Prompt Detail:
A Realisation Account is a ledger account used in the dissolution of a partnership firm to record the sale of assets, payment of liabilities, and the distribution of any surplus or deficit among the partners. It helps in the orderly winding up of the partnership's affairs and ensures that assets are liquidated and liabilities settled properly. Let's go through an example to illustrate how a Realisation Account works in the dissolution of a partnership firm.
Example of a Realisation Account:
Suppose there's a partnership firm with two partners, A and B, who decide to dissolve the partnership. The firm's balance sheet just before dissolution looks like this:
Assets | Amount (in $) | Liabilities | Amount (in $) |
---|---|---|---|
Cash | 10,000 | Creditors | 5,000 |
Accounts Receivable | 15,000 | Loan from A | 20,000 |
Inventory | 20,000 | Loan from B | 15,000 |
Plant and Machinery | 40,000 | ||
Total Assets | 85,000 | Total Liabilities | 40,000 |
Partners' Capital: | |||
A | 30,000 | ||
B | 15,000 | ||
Total Capital | 45,000 | ||
Total Liabilities & Capital | 85,000 | Total Liabilities & Capital | 85,000 |
Now, let's assume that the partners decide to sell all the assets and pay off the liabilities. Here's a step-by-step breakdown of how the Realisation Account would be prepared:
Sale of Assets:
- The partnership firm sells its assets, which include cash, accounts receivable, inventory, and plant and machinery.

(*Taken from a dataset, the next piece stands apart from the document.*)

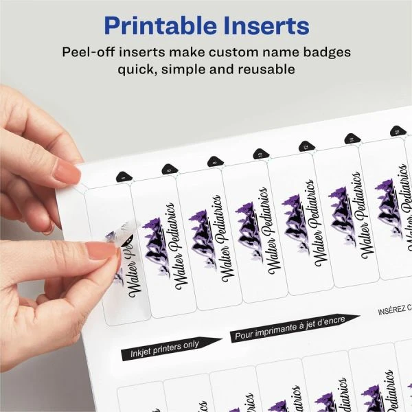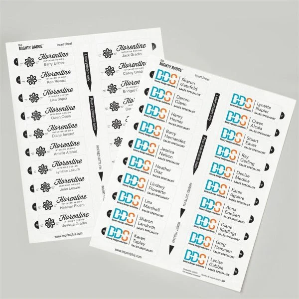 - Quickly and easily customize badges with these non-adhesive peel-off inserts sheets and easy-to-use website.

- The total realized from these sales is, let's say, $75,000.
Settlement of Liabilities:
- The firm pays off its creditors, which amount to $5,000.
- The firm also repays the loans from partners A and B.
Realisation Account:
- Now, we create the Realisation Account to record all these transactions. It looks like this:
cssRealisation Account | Particulars | Debit ($) | Credit ($) | |---------------------|-----------|------------| | Assets Sold | 75,000 | | | Creditors Paid | | 5,000 | | Loan from A Paid | | 20,000 | | Loan from B Paid | | 15,000 | | Partners' Capital | | | | A's Share (30,000) | 10,000 | | | B's Share (15,000) | 5,000 | | | Total | 90,000 | 90,000 |
Surplus or Deficit Distribution:
- The total amount in the Realisation Account is $90,000. This is the result of selling assets for $75,000 and settling liabilities of $40,000. The surplus is $90,000 - $40,000 = $50,000.
Distribution of Surplus:
- Partners A and B will share the surplus according to their capital account balances. In this case, A's share is $30,000, and B's share is $15,000.
- So, A receives 2/3 of the surplus, which is $50,000 x 2/3 = $33,333.33, and B receives 1/3, which is $50,000 x 1/3 = $16,666.67.
After this distribution, the partnership firm is dissolved, and the partners have received their respective shares of the surplus, effectively ending their partnership. The Realisation Account is closed, and the partners' capital accounts are adjusted to reflect the final distribution of assets and surplus.